TORONTO, Ont. — Canadian Trucking Alliance (CTA) chief, David Bradley, is warning that 2005 will not be as strong a year for the trucking industry as 2003-2004.
He made the comments at the annual logistics conference of a major food products distributor yesterday.
"There can be no denying, that even prior to the fall-out from Hurricane Katrina, 2005 was shaping up to be a bit of a retreat from the buoyant performance of 2003-04 for many segments of the trucking industry," Bradley said. However, he added "despite the softening of economic activity in most of the country and the fact that some carriers have felt pressured to give back some of the financial gains made in the previous two years, it is only a matter of time before the reality of continued cost increases for trucking labour, fuel and equipment set in and are fully passed on."
Bradley said the market has taken two steps forward and one step back.
"the capacity situation which precipitated the long-awaited, broad-based upward momentum in freight rates and accessorial charges in 2003-04, is not going to dissipate just because the economy takes a breather; in fact, the driver shortage is only going to get worse and barring a complete collapse in the North American economy this will absorb any capacity that might be freed up," Bradley predicted.

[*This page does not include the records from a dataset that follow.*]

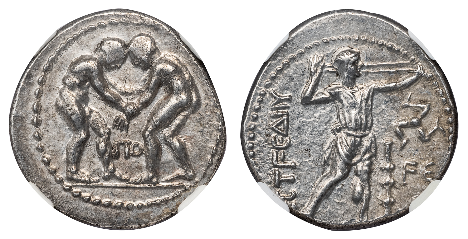 Obv. Two wrestlers in combat, ΠO between. Rev. Slinger in throwing stance to right, triskeles in right field, club in lower right field.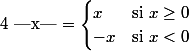 [TEX]4$ |x| = \begin{cases} x & {\rm si}\ x\ge 0 \\ -x & {\rm si}\ x 0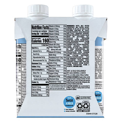 Elevation Cafe Latte Flavored Ready to Drink Protein Shakes deliver 30g of protein with 1g of total sugars per serving. Packed with 24 vitamins and minerals and low in fat, this high-performance shake is gluten-free and provides caffeine equivalent to a cup of coffee. Ideal for a quick breakfast or post-workout boost, it’s ready to serve chilled or over ice. Elevation Cafe Latte Protein Shakes combine nutrition and convenience in one delicious drink.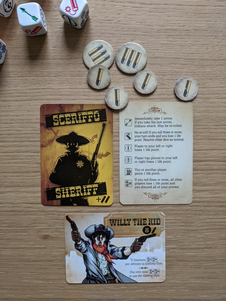The final symbol is a ‘gattling gun’, which only activates if it appears on three or more dice at once. You then remove all arrow cards on your character and deal one damage to every other player. The dice are resolved in a particular order, so, for example you must take any arrow cards before the gatling gun takes effect.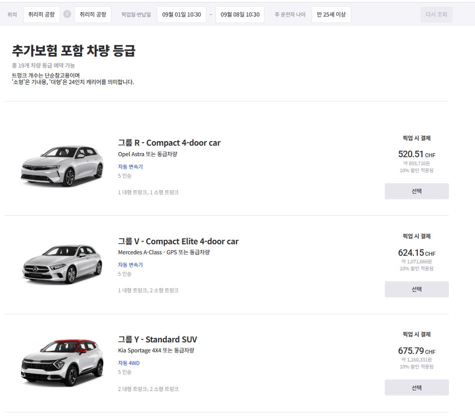 2025년 스위스 렌터카 요금 안내드립니다.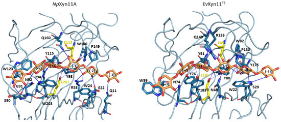 Noncovalent enzyme/xylohexaose contacts found with the Plip web-server on the equilibrated structure structures of NpXyn11A and EvXyn11TS. Amino acid residues (colored in blue) in interaction with the xylohexaose (colored in orange) are shown in sticks. Catalytic amino acid residues are colored in yellow. Hydrogen bonds are shown with blue lines.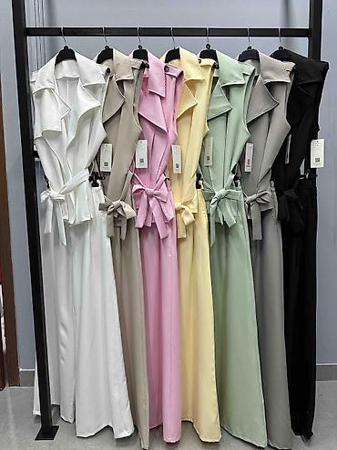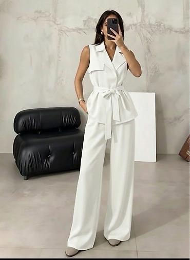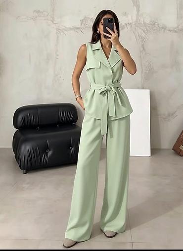 - Detalji dizajna: asimetričan donji rub prsluka, dužina pantalona do poda, diskretna struktura tkanine na tamnim varijantama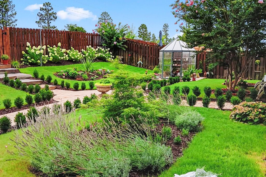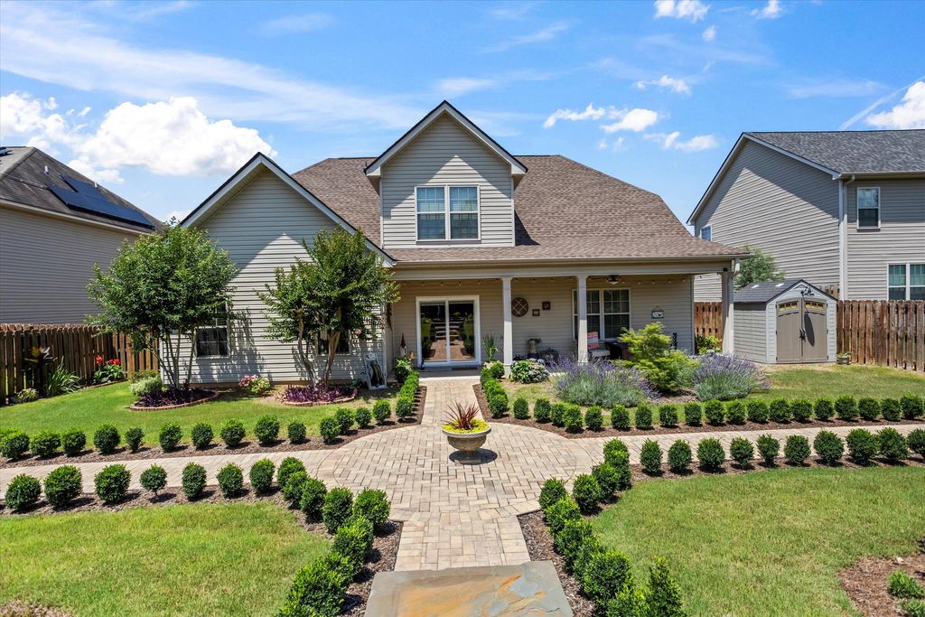 Back on the market, not fault of seller -- Gorgeous, updated 4 bedroom 2 1/2 bath home in Sage Creek. As you enter the home, you are welcomed by style and sophistication offering high ceilings, a beautiful chandelier, arched doorways, and an airy space. The meticulously maintained yard has beautiful plants and shrubbery. The backyard is a majestic, stunning garden with mostly perennials for low maintenance. It offers a sense of serenity when relaxing on the large covered back porch. Greenhouse and storage shed to convey. The refreshed kitchen offers stylish new flooring, updated cabinets, stainless appliances, granite countertops, and a pantry. Recently installed sliding doors in the kitchen bring in an abundance of natural light and allow for stunning views of the backyard. The living room which is connected to the eat-in kitchen has high ceilings, new carpet, an electric fireplace for added comfort or it can be used as a decorative feature. It has beautiful views of the backyard and upstairs landing balcony. The oversized primary suite is situated on the main level with a large walk in closet. The primary bathroom offers a soaking tub, walk in shower, and double vanities. Upstairs you will find three sizable bedrooms with ample sized closets and a guest bathroom. One of the bedrooms is currently being used as a secondary living room. Newer paint throughout the home by professional painters and new flooring on the main level. New roof in 2024, downstairs HVAC 2022 which is of size to heat/cool the entire home, and upstairs HVAC 2013. The three car garage offers plenty of space for parking and storage. Conveniently located with minutes to I-20, Bridgestone, and the upcoming Meta Data Center and a short drive to shopping and dining.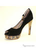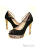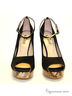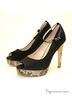 Необычные, стильные туфли с открытым мыском и на устойчивом каблуке. Изделие украшено красивым принтом под "змею".Материал верха - нубук черного цвета.Материал подкладки - натуральная кожа. Высота каблука ок. 12 см.,высота плато ок.2.5 см.Подошва:тунит.Рекомендуем подбирать обувь больше на размер.Произведено в Бразилии.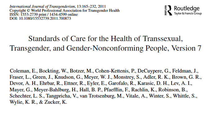 WPATH's SOC7The World Professional Association for Transgender Health (WPATH) has said as much in their most current Standards of Care (SOC) for the Health of Transsexual, Transgender, and Gender Nonconforming People (version 7). A PDF of the SOC7 can be downloaded here. The passage in question can be found on page 175, and it reads as follows: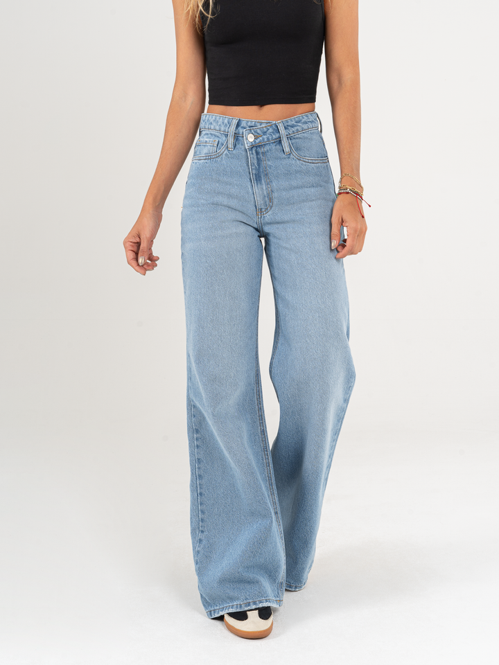Jean Mom Flare, rígido, tiro alto, tono azul medio, detalle en pretina, diseño cinco bolsillos, cintura ajustada, pierna holgada.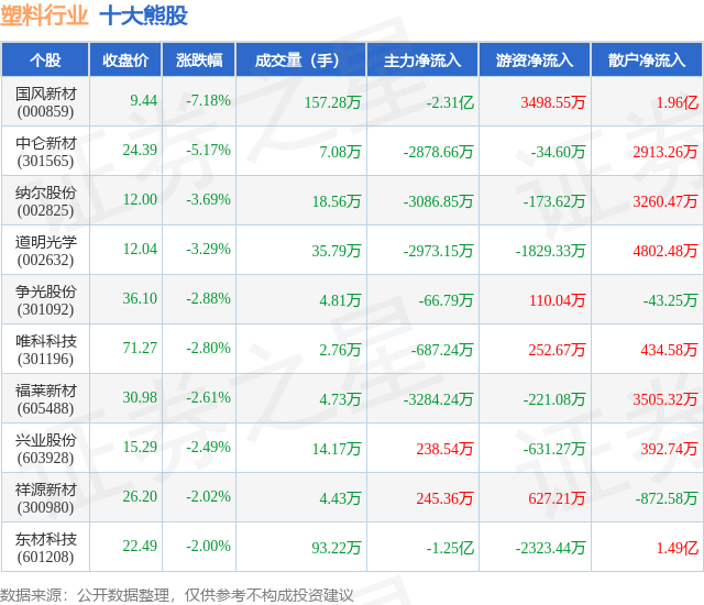 个股表现方面,塑料行业当日领跌股为国风新材(000859),该股当日报收9.44,下跌7.18%,成交量157.28万,主力资金净流出2.31亿元。中仑新材(301565)以下跌5.17%紧随其后,该股当日成交量7.08万,主力资金净流出2878.66万元。除此之外,纳尔股份(002825)、道明光学(002632)、争光股份(301092)均进入当日熊股之列。具体个股列表见下表: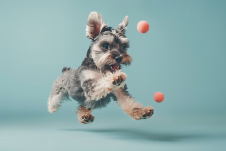 Miniature Schnauzer dog Jumping and remaining in mid-air, studio lighting, isolated on pastel background, stock photographic style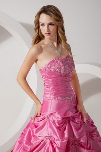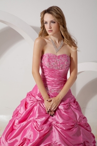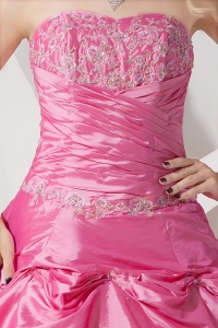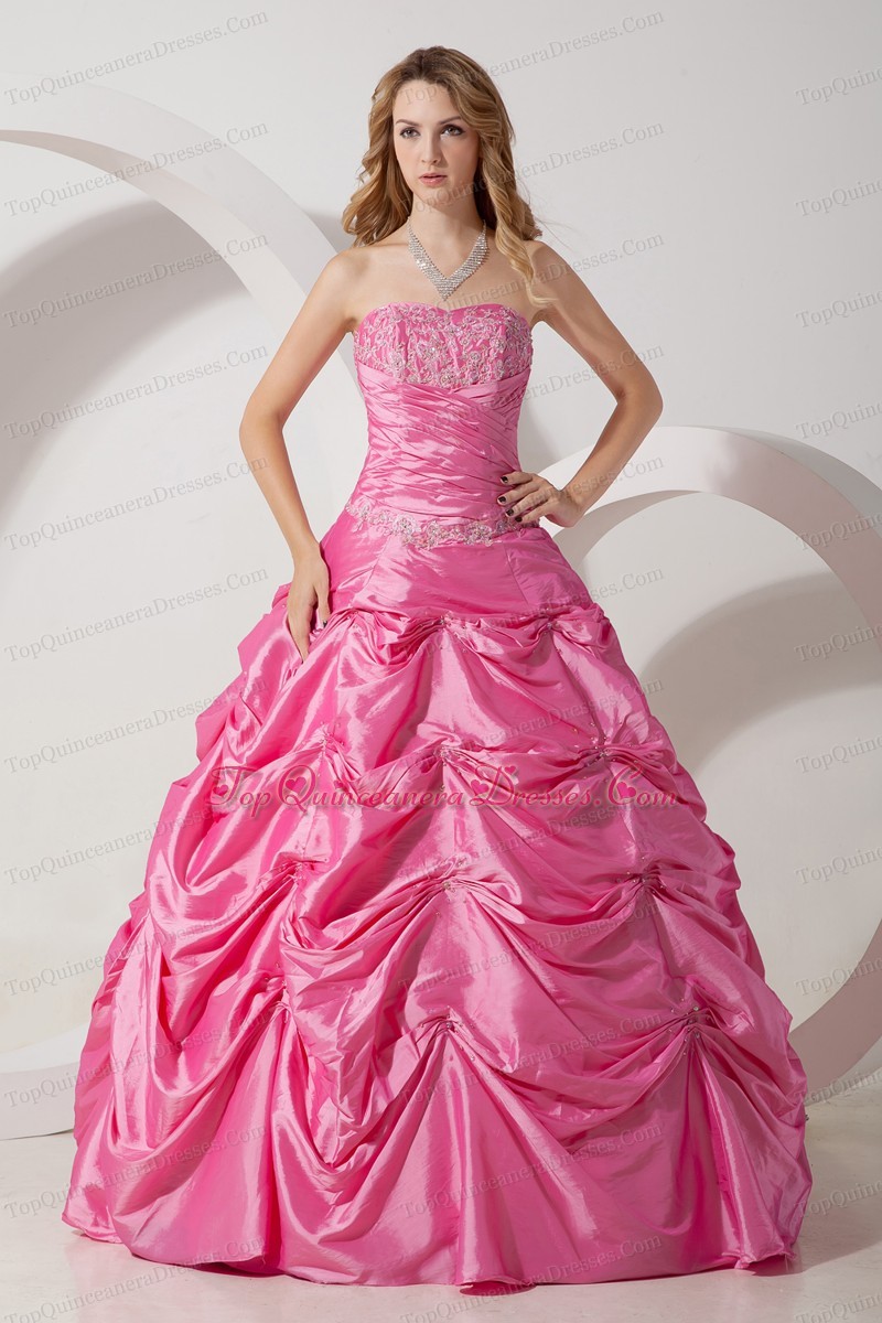 Rose Pink Strapless Appliques Pick-ups Quinceanera Dress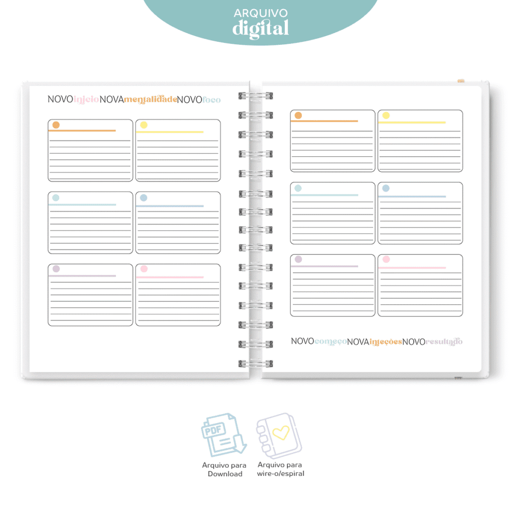 - Visão semanal em duas páginas de segunda a domingo, com os dias do mês.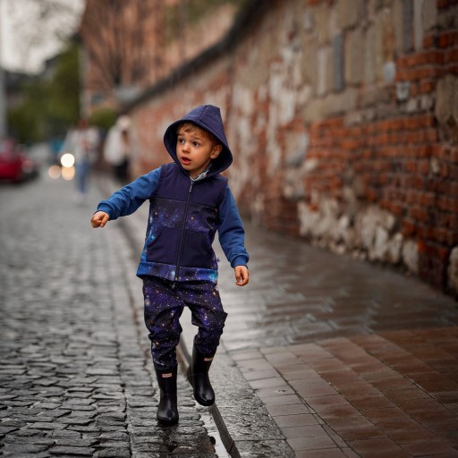 Wygodne i bardzo praktyczne spodnie uszyte z wiatroodpornej tkaniny zwanej softshell. Materiał jest szczelny, ale także oddychający, więc maluch nie będzie się przegrzewał.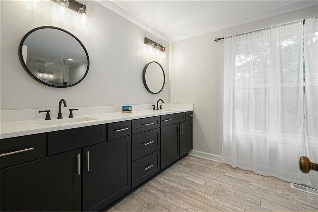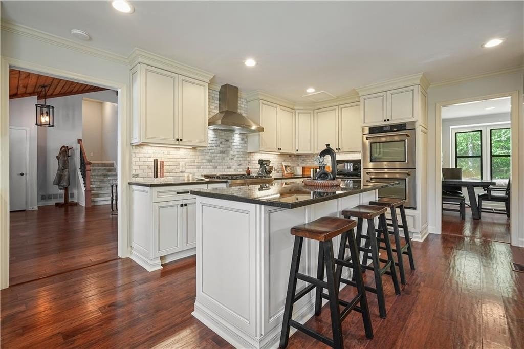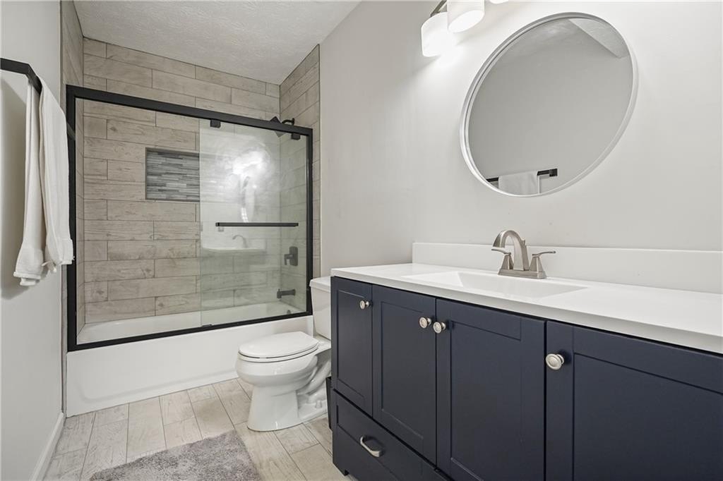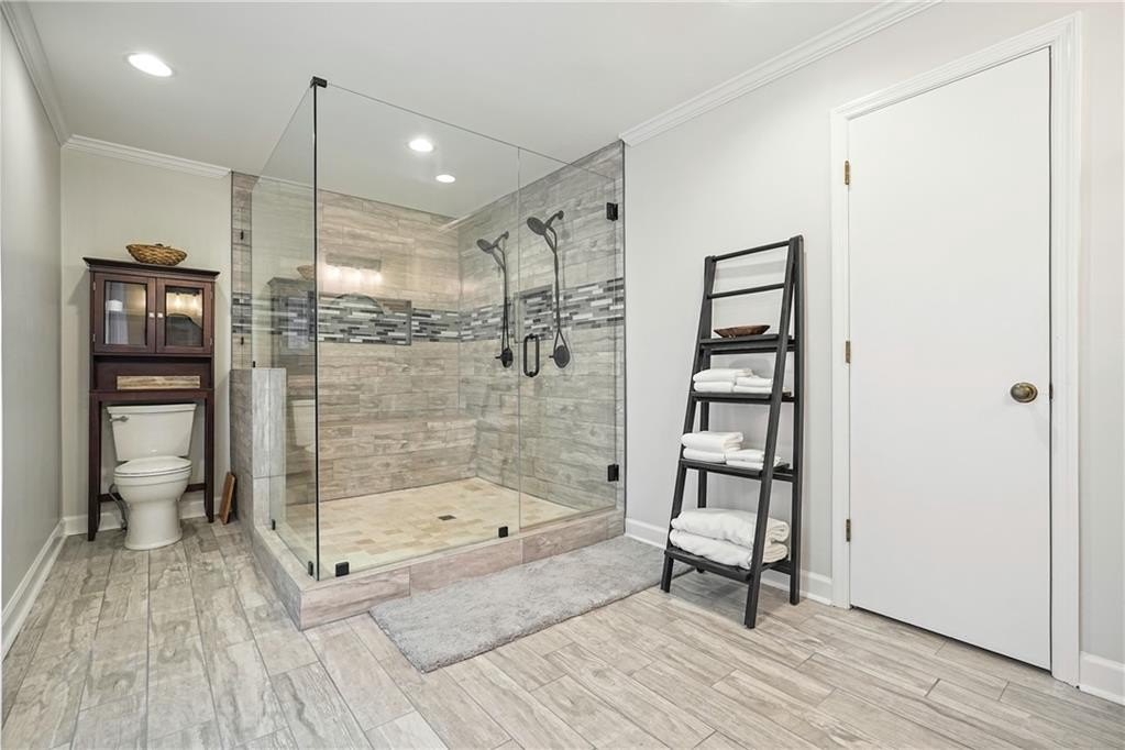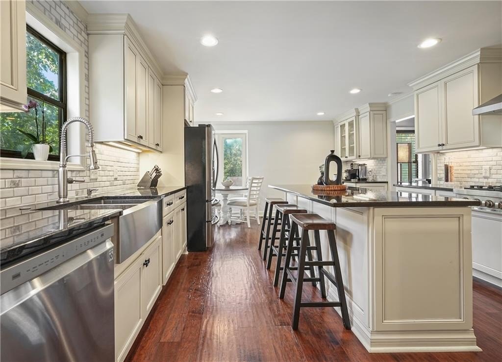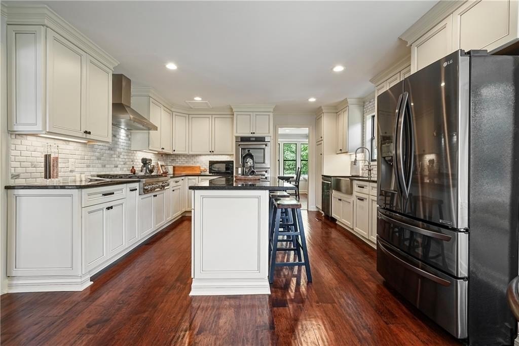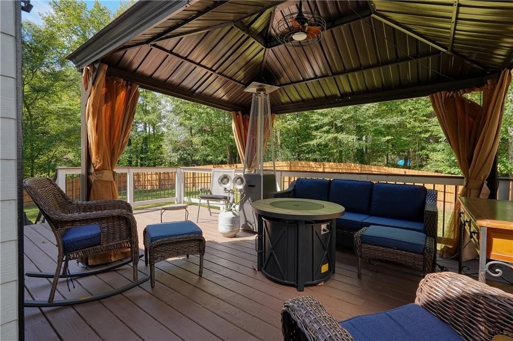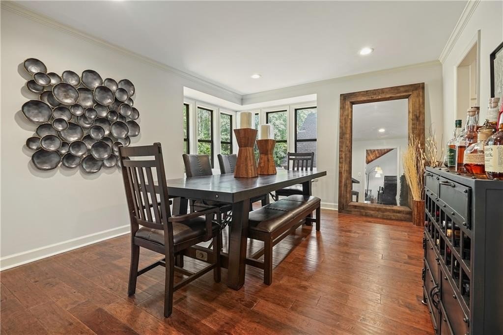 Introducing this architecturally stunning modern-contemporary residence, tucked within a quiet cul-de-sac in one of East Cobb’s premier enclave neighborhoods. Completely reimagined with a designer’s eye for detail, this home blends organic warmth and sophisticated modern style—a true showcase of craftsmanship and comfort. Step inside to soaring cedar-lined vaulted ceilings and rich walnut hardwood floors that flow seamlessly throughout the main floor. The gourmet kitchen serves as the heart of the home, boasting granite countertops, a grand center island, professional-grade cooktop range, stainless double wall ovens, and custom cabinetry—perfectly tailored for both everyday living and elevated entertaining. The formal dining room offers an elegant setting for special gatherings, while the family room impresses with its masonry stone fireplace and dramatic vaulted ceiling. The owner’s suite is a tranquil retreat featuring walk-in closets with built-in shelving and a spa-inspired bath complete with a massive dual-head shower, quartz double vanity, and wood-look tile flooring. Elegant wrought-iron balusters and designer lighting enhance the home’s contemporary aesthetic throughout. The finished terrace level expands the living experience with limitless possibilities—ideal for an in-law or guest suite, home office, gym, or game room. It includes a bedroom, full bath, recreation area, and a stylish bar, perfect for entertaining or multi-generational living. Step outdoors to your private oasis: an extended deck crowned by a custom gazebo, overlooking a lush, fenced backyard designed for relaxation and play. Located minutes from East Cobb’s top-rated schools, fine dining, boutique shopping, and entertainment, with easy access to I-75, I-575, and Downtown Atlanta, this home offers the rare combination of modern luxury and prime location.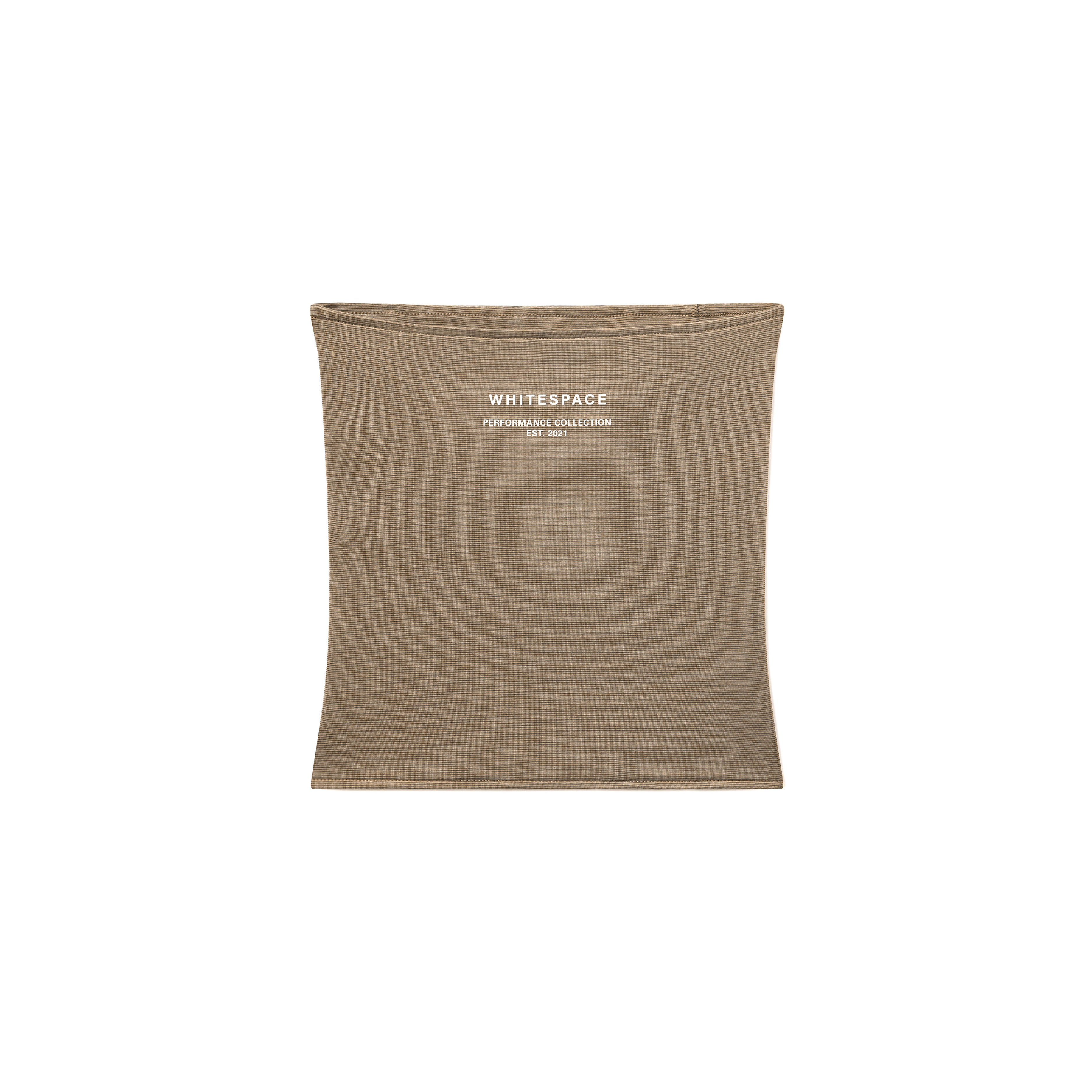 Brown neck gaiter with 'WHITESPACE' logo on a white background

"Shippers who want to maintain a high level of transportation service, know that it is unrealistic to expect carriers who know their costs to be able to eat the kinds of operating cost increases we are presently experiencing. Those who don’t know their costs might try to undercut the market in an attempt to stay afloat, but they will not be around for long. It’s in no one’s interest to see those carriers drag the good companies down with them."